The volatile keyword will certainly lead to implications for cache coherency, bu...

burfog · on May 26, 2019

Yep. The slide is completely wrong. It is showing low-level architecture details that would be 100% identical between the two cases. Volatile changes nothing on that list.

Volatile just makes sure the compiler bothers. Otherwise, a pair of writes to the same memory location could be optimized by eliminating the first write. Volatile makes the compiler do that. Of course, the CPU itself may then do this optimization, so volatile is thus not good enough for IO.

keldaris · on May 26, 2019

> It is showing low-level architecture details that would be 100% identical between the two cases.
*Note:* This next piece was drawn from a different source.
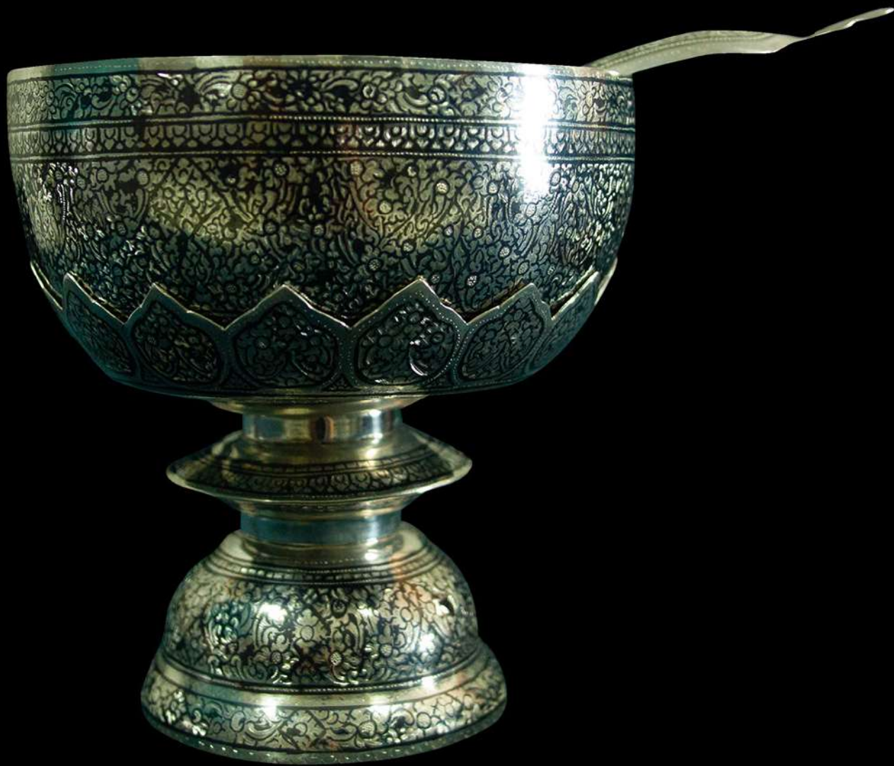
ชุดขันตมเงิน

To be as charitable as I can possibly be, the only part that could theoretically make sense is that the compiler could emit non-temporal store instructions to bypass the cache. I know compilers currently don't do that for volatile, but I don't know why.

comex · on May 27, 2019

> the only part that could theoretically make sense is that the compiler could emit non-temporal store instructions to bypass the cache. I know compilers currently don't do that for volatile, but I don't know why.

Two reasons:

First, using nontemporal accesses would break mixed volatile and non-volatile accesses to the same memory, something which is not defined by the C standard but which some programs rely on anyway.

Second, more importantly: why would they?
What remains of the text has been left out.